[RAW DATA Boundary: Start]
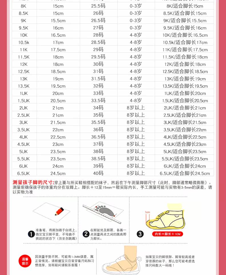 | Размер обуви: | 10 тысяч/28 ярдов/подходящих футов длиной 16,5 см, 11K/29 ярдов/подходящая длина футов 17,5 см, 12 тыс./30 ярдов/подходящая длина футов 18 см., 13K/31,5 ярдов/подходящая длина футов 19 см., 13,5K/32 ярдов/подходящие длина футов 19,5 см, 1uk/33 ярдов/подходящая длина футов 20 см, 1,5UK/33,5 ярдов/подходящие длина футов 20,5 см, 2UK/34 ярда/подходящие фута длиной 21 см., 5,5uk/38,5 ярдов/подходящих футов длины 23,5 см., 2,5UK/35 ярдов/подходящих футов длиной 21 см., 3UK/35,5 ярдов/подходящих футов длиной 21,5 см, 3,5UK/36 ярдов/подходящих футов длиной 22 см, 4UK/36,5 ярдов/подходящие длина футов 22,5 см, 4.5uk/37 ярдов/подходящая длина футов 23 см., 5uk/38 ярдов/подходящая длина футов 23,5 см, 12,5K/31 ярды/подходящие фута длиной 18,5 см |
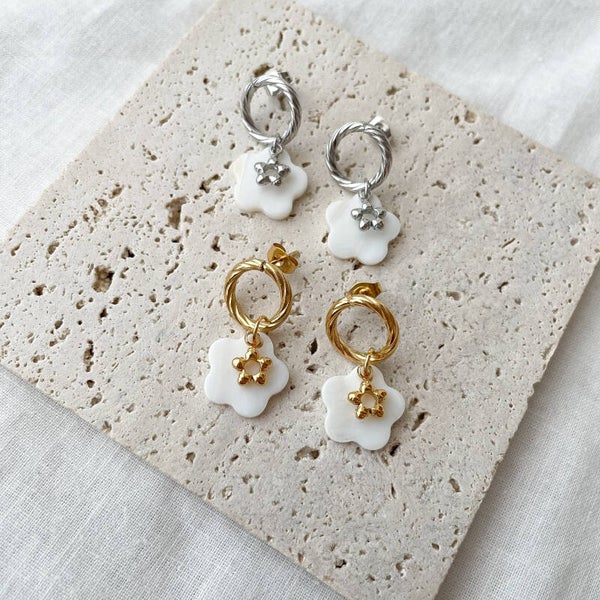 Pendentif : Fleur nacrée et pendentif fleur en acier inoxydable
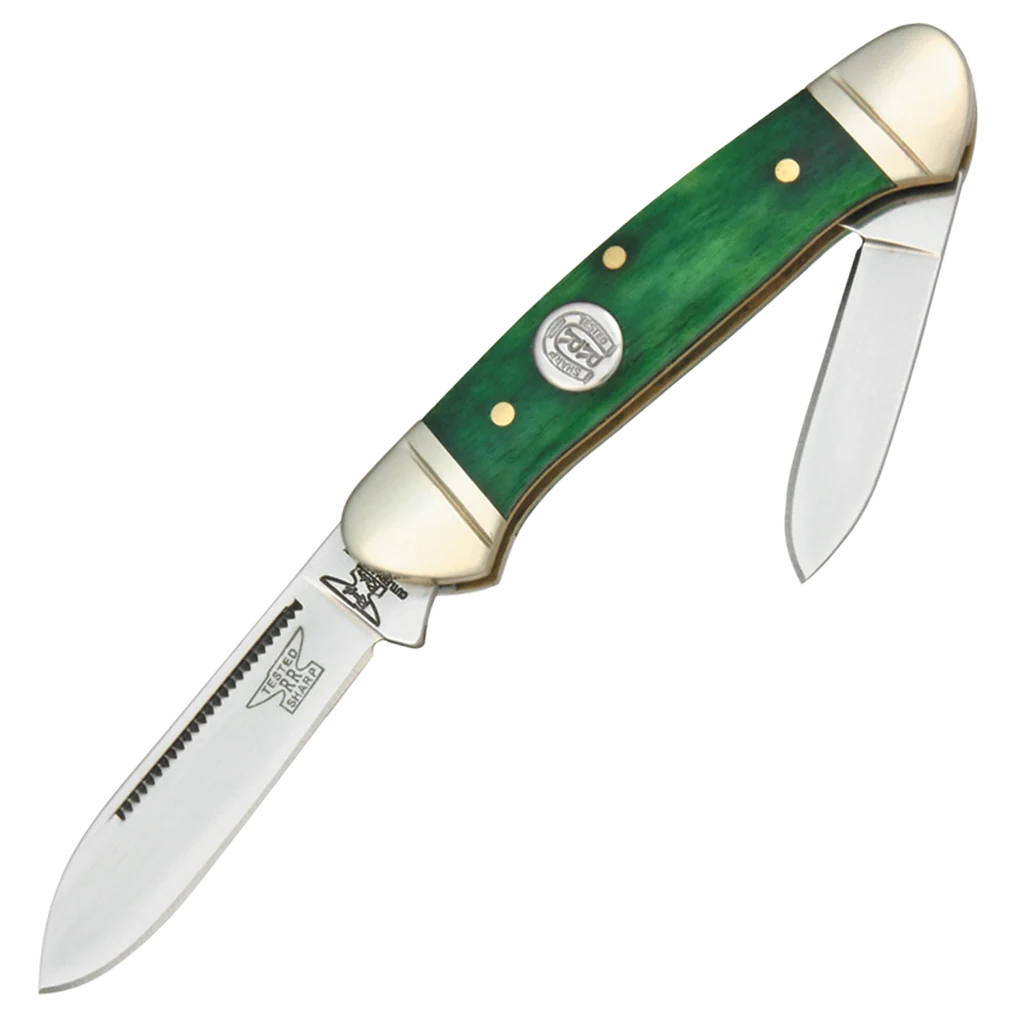 The Rough Ryder Green Smooth Bone Mini Canoe features mirror polished 440A stainless steel 2" spear point and 1.5" pen blades with half stops and nail nick pulls. The handles are green smooth bone with brass pins and liners, as well as ringed nickel silver bolsters. It’s 2.75" closed and weighs 1.6 oz.
[RAW DATA Boundary: End]
→ TASK ITEM: Give back the material above exactly, without pictures.

→ EXERCISE RESULT:
 | Размер обуви: | 10 тысяч/28 ярдов/подходящих футов длиной 16,5 см, 11K/29 ярдов/подходящая длина футов 17,5 см, 12 тыс./30 ярдов/подходящая длина футов 18 см., 13K/31,5 ярдов/подходящая длина футов 19 см., 13,5K/32 ярдов/подходящие длина футов 19,5 см, 1uk/33 ярдов/подходящая длина футов 20 см, 1,5UK/33,5 ярдов/подходящие длина футов 20,5 см, 2UK/34 ярда/подходящие фута длиной 21 см., 5,5uk/38,5 ярдов/подходящих футов длины 23,5 см., 2,5UK/35 ярдов/подходящих футов длиной 21 см., 3UK/35,5 ярдов/подходящих футов длиной 21,5 см, 3,5UK/36 ярдов/подходящих футов длиной 22 см, 4UK/36,5 ярдов/подходящие длина футов 22,5 см, 4.5uk/37 ярдов/подходящая длина футов 23 см., 5uk/38 ярдов/подходящая длина футов 23,5 см, 12,5K/31 ярды/подходящие фута длиной 18,5 см |
 Pendentif : Fleur nacrée et pendentif fleur en acier inoxydable
 The Rough Ryder Green Smooth Bone Mini Canoe features mirror polished 440A stainless steel 2" spear point and 1.5" pen blades with half stops and nail nick pulls. The handles are green smooth bone with brass pins and liners, as well as ringed nickel silver bolsters. It’s 2.75" closed and weighs 1.6 oz.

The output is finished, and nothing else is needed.